Intelligence officials say the dead foreigners could be aides of Ayman al-Zawahri, bin Laden's top deputy, who is thought to have sent them in his place to an Islamic holiday dinner to which he'd been invited in Damadola on the night of the attack.
Hours after the attack, an Associated Press reporter visited the village, which consists of a half-dozen widely scattered houses on a hillside about four miles from the Afghan border.
Residents said then that all the dead were local people and no one had taken any bodies away. However, it appeared feasible bodies or wounded could have been spirited away in the darkness after the attack, which took place about 3 a.m.
Islamic custom dictates that bodies be buried as soon as possible, and the reporter saw 13 freshly filled graves with simple headstones and five empty graves alongside them — apparently prepared for more dead. When the reporter returned the next day, the five empty graves were filled in, apparently because no more bodies had been found in the rubble.

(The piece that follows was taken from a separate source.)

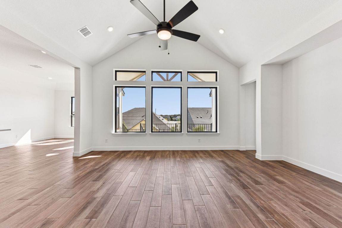 Spelman plan with upgraded kitchen, quartz countertops, tile flooring, optional study with double doors, optional shower in bath 3, optional tray ceilings in entry and foyer, optional cabinets in utility room with sink, upgraded windows to bronze framed, garage interior mounted tankless water heater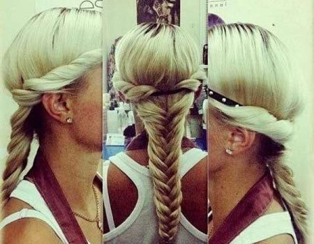 After that, you can braid any braid (French, spikelet, fish tail). In this case, the hair is selected, closing the rim. A volumetric braid, fixed at the bottom with a thin silicone rubber, will also look beautiful.

The only tidbits of official information that have surfaced since then have come from provincial authorities, and they have yet to give a list of the dead. But Pakistani intelligence officials have said they believe some of those killed were Pakistani militants and that their bodies were also removed from the scene.
A Pakistani army official has told the AP that some bodies were taken away for DNA tests — information at odds with reports from provincial authorities. The federal government has not confirmed the report about DNA tests.

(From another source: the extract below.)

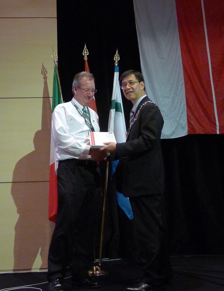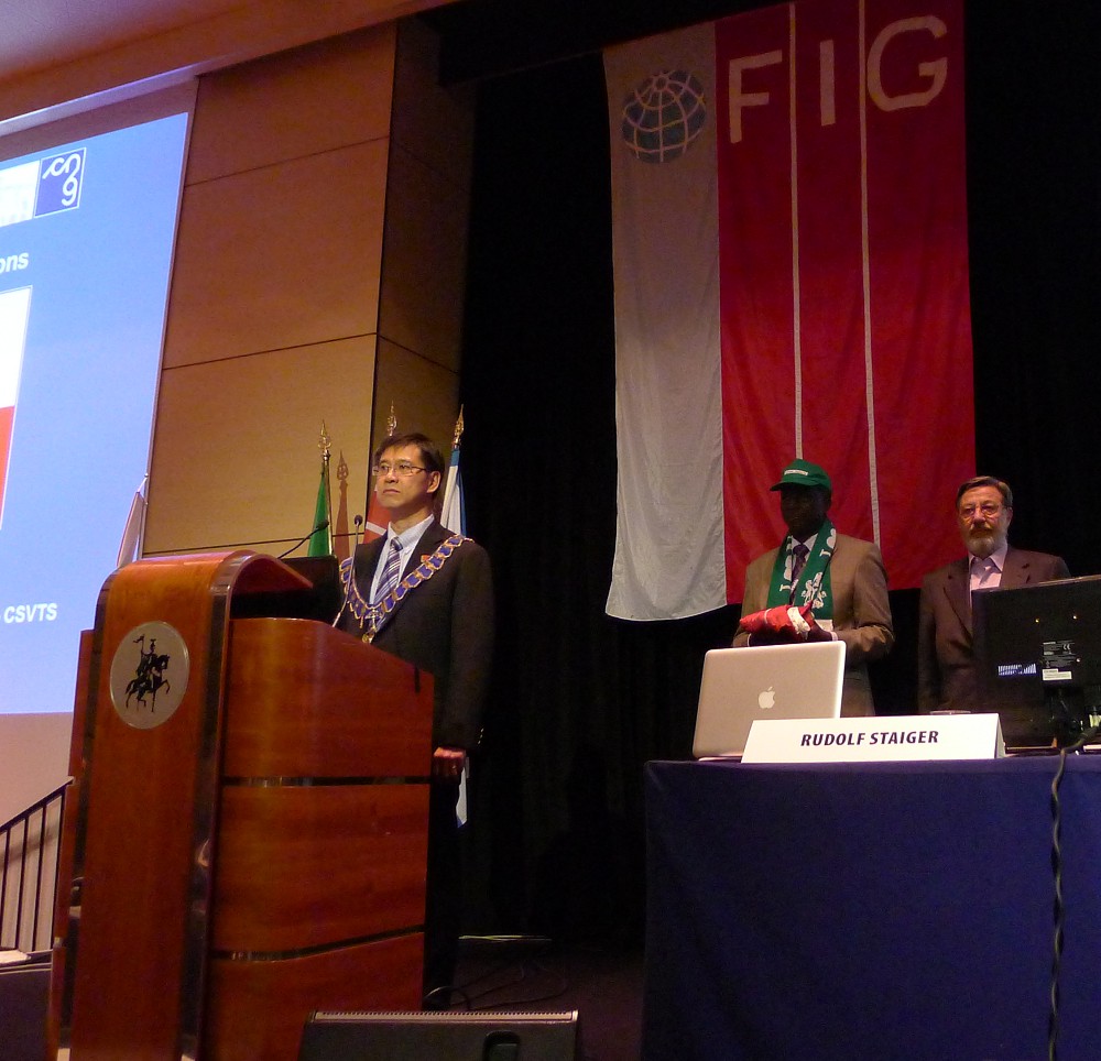 At the flag ceremony the FIG banner was given from CNGeGL, Italy to NIS, Nigeria that will host the Working Week in 2013 in Abuja.

Pakistan maintains it was not given advance word of the airstrike, which was reportedly carried out by unmanned Predator drones flying from Afghanistan.
Thousands have taken to the streets in protest over the attack, denouncing the U.S. and Pakistani President Gen. Pervez Musharraf, who ended Pakistan's support of the Taliban regime in late 2001 and has himself been targeted by al Qaeda attacks.
Nevertheless, allegations persist that Pakistan harbors dangerous Islamic militants.
On Wednesday, more than 5,000 people marched through the Afghan border town of Spinboldak, chanting "Death to Pakistan" and "Death to al Qaeda" to protest a suicide attack at a fair this week that killed 21 people.
Afghan officials claim the bomber — the latest in about 25 suicide attackers to strike in Afghanistan in the past four months — trained in Pakistan. Islamabad denies giving sanctuary to terrorists.